Orchestration of Document Understanding Model


I’m using Intelligent Classifier and Form Extractor for document extraction. Without having to publish my project every time I train the classifier and form extractor, how can I store my training data in cloud so that I can test the classification and extraction in a development environment? Moreover, where does the training dataset for Form Extractor was stored?

Hi @azeem_rosli ,

I believe for the Classification part, we do have the Keyword.Json/IntelligentKeyword.Json file created during the Implementation/Configuration of Classifiers.
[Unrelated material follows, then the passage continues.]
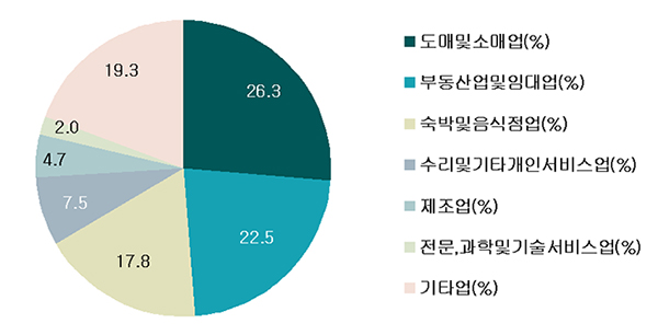 도매·소매업(26.3%), 부동산업(22.5%), 숙박·음식업(17.8%)이 전체의 66.6%로 다수를 차지하고 있지만 기술기반 업종 비중도 2015년 11.5%에서 2018년 12.2%로 증가 추세를 보이고 있다.

To be able to use this in a different environment once deployed, you might need to add a Step in the Process to Upload this file into a Storage Bucket in Orchestrator. In this way, Every time the Project/Classifier is being used, an updated version of the file will also exist in the Orchestrator, which you should be able to use in your Other Environment by downloading it.

For the Form Extractor training, there isn’t actually a training happening on it when different documents are being fed. It is simply performing the Extraction based on the earlier rules defined. Also, there aren’t Training files defined or being used for it.
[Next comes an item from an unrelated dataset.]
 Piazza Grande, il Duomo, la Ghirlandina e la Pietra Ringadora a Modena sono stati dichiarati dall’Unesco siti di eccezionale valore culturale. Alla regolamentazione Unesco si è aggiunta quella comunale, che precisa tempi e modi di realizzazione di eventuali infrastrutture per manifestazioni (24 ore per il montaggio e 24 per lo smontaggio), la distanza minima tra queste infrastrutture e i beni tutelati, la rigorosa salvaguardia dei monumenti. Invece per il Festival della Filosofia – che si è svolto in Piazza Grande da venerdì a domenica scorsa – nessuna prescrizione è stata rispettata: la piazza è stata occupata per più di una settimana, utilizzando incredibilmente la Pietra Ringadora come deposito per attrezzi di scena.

Hi @supermanPunch, thanks for the reply :slight_smile:

Have you ever use Action Center for training DU? I just wonder, does Document Validation able to train the classifier too? If yes, I would like to know if there’s any limitation on that method.

However, this solution is great. I would like to try it, if I could not train my classifier using Action Center.
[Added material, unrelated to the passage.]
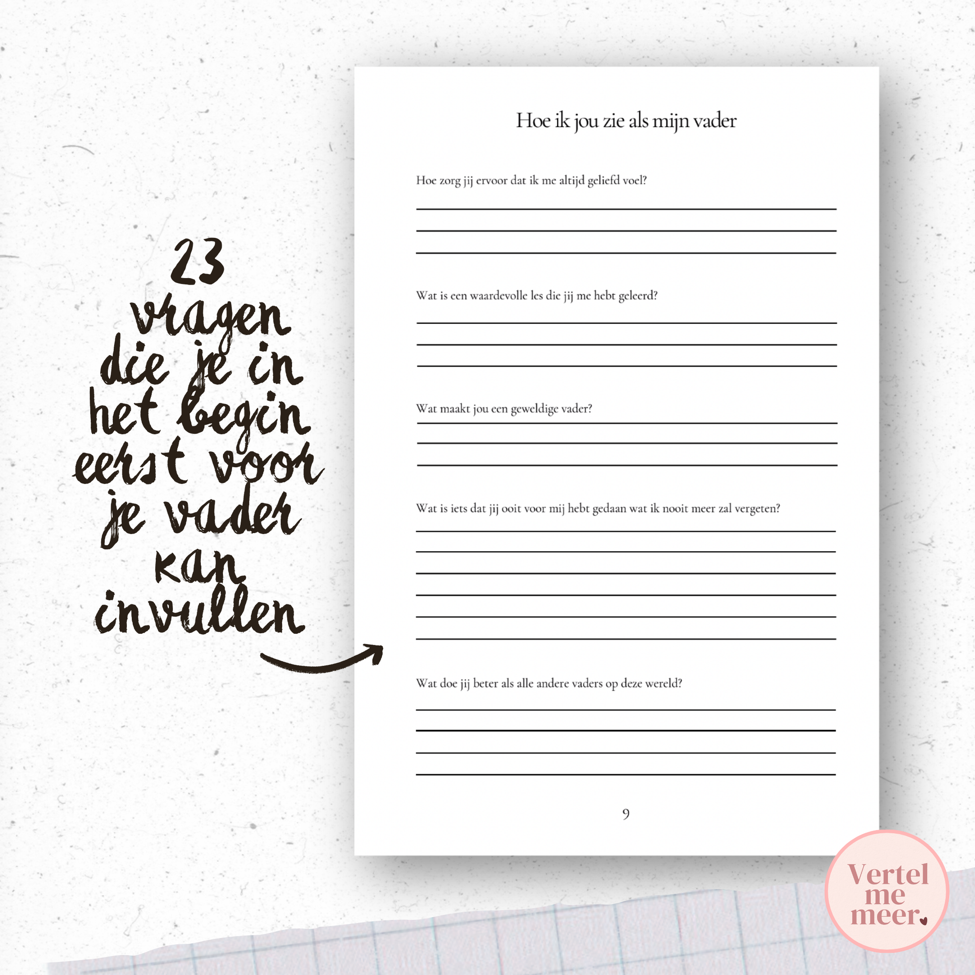 1. In het eerste deel vul jij als zoon of dochter zelf vragen over je vader in en kun je persoonlijke vragen toevoegen die je altijd al hebt willen stellen.

Yeah, you’re right about this. I should replace it with ML Extractor.


@azeem_rosli , Yes. We did use for couple of cases the Validation/Classification Station for Manual Classification or Extraction from the user. By using the Action Center also, we are able to train the Classifiers. But the trained info is present only on the Training.json file (if Classifier Trainer Scope is used).

I believe you would need to use the Suggested method for now for using the Latest Training files for Testing in Dev Environment. Although this could be a Feedback to the UiPath DU Team for maybe considering an easier way around this situation if possible.